We'd gallop around their ranch-style house and modest backyard, color with crayons in the aqua kitchen, play with Grover- their big yellow lab with quintessential dog breath, pick the delicate coins off the dried money plants, swing in the shaded hammock, work on puzzles and play dominoes in their mustard carpeted living room, and venture into the dark basement where Grandad did his projects. Much of my early writing was done on old sheets from yellow lined legal pads in that house, and especially in the basement behind the many-year-out-of-use bar towards the back near the sliding door. I'd sit on the dusty (a pleasant mix of real dust and wood dust) floor and write stories about lots of things, but a lot about a young girl and her adventures to summer camp where she would discover magic in one form or another. [side note: Where are those stories now? I wish I knew where they went off to, there's probably a short story in there somewhere, or maybe it was just digested and regurgitated conglomerations of stories that I was also reading at the time. Hmm. Well, we'll never know.]
Today I am remembering these two great people. Even though they both passed away before I was truly able to really appreciate them as human beings (I think), I consider them and who they were now, and I feel humbled and blessed, and tearful. There are many wishes I have about them, wished I had played my grandfather in tennis (he probably would have won, though I think I could have given him a run for his money), wished I could talk to my grandmother about cosmological ideas.
So today is full of anniversaries, these are just two. Both remind me of what being a human means. Both challenge me to leave this world better than it was when I found it.
Young and beautiful Isabel, whom my mother is the spitting image of.
Isabel (on left) and Mickey, her older sister (Easter 1947, the year before they got married)
Lou and Bel and my two uncles Gary and baby Rick, before my Mom was born.
and, my Grandad, the ultimate jokster.
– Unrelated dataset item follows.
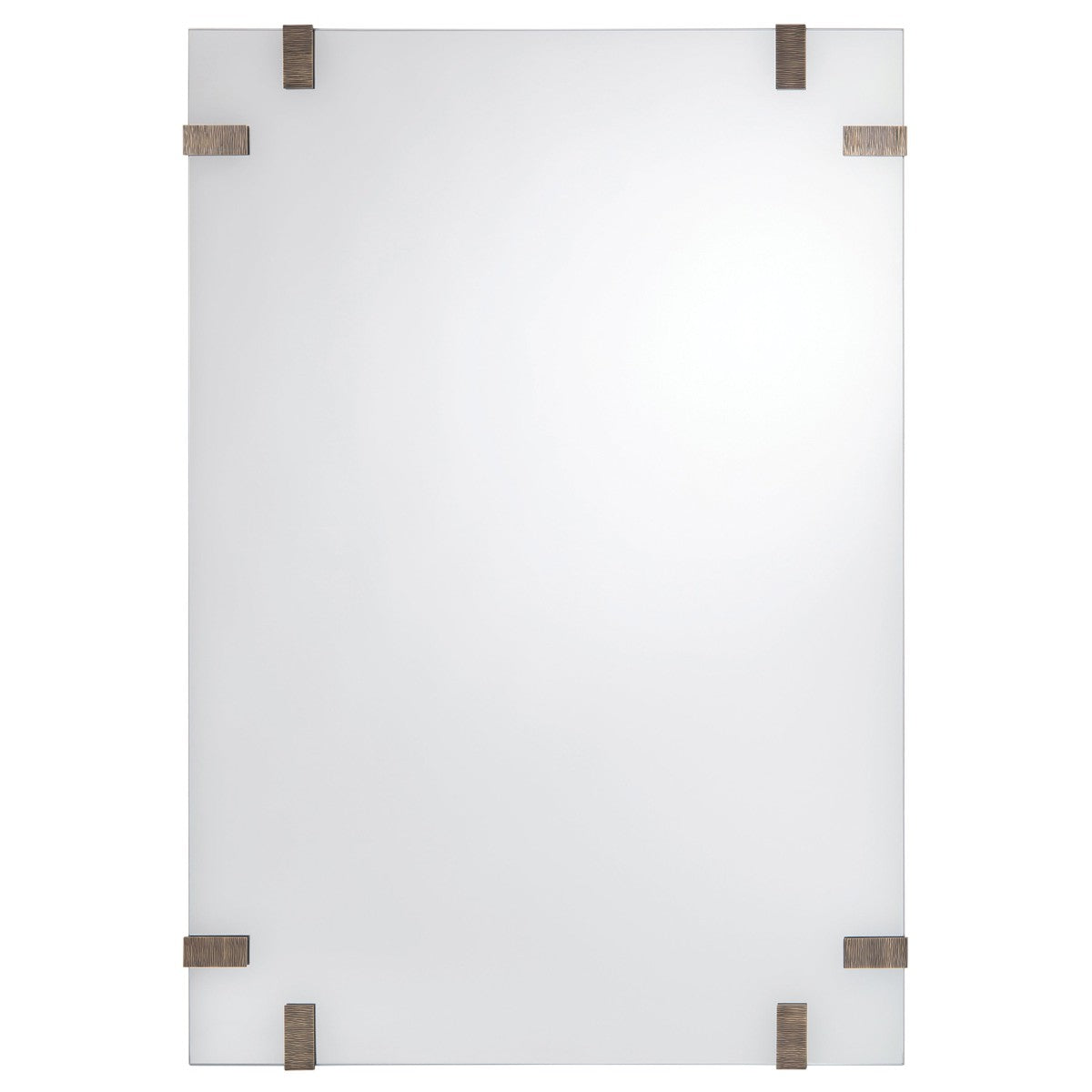 Description: A simple clean modern mirror on a silver leaf edged mount. A set of eight cast brass and textured brackets complete this simple but sophisticated design.

I can hear Granna now: "Loouuu."
My sister Rie is the namesake of my Grandmother (Rie's middle name is Isabel) and they always had a special bond.
This is me three years ago, sporting one of my Grandad's spectacular pairs of pants. He was a colorful dude, in all the ways.
There's many more pictures, of course- these are just the ones I could find easily thanks to social media. There is one picture in particular of Isabel and Lou's first Christmas that I couldn't get my hands on early enough for this post, but it's probably my favorite picture of them. Perhaps I'll find it and add it in later.
Love you both.
Wonderful. That's the only and best word I have for it. Thank you.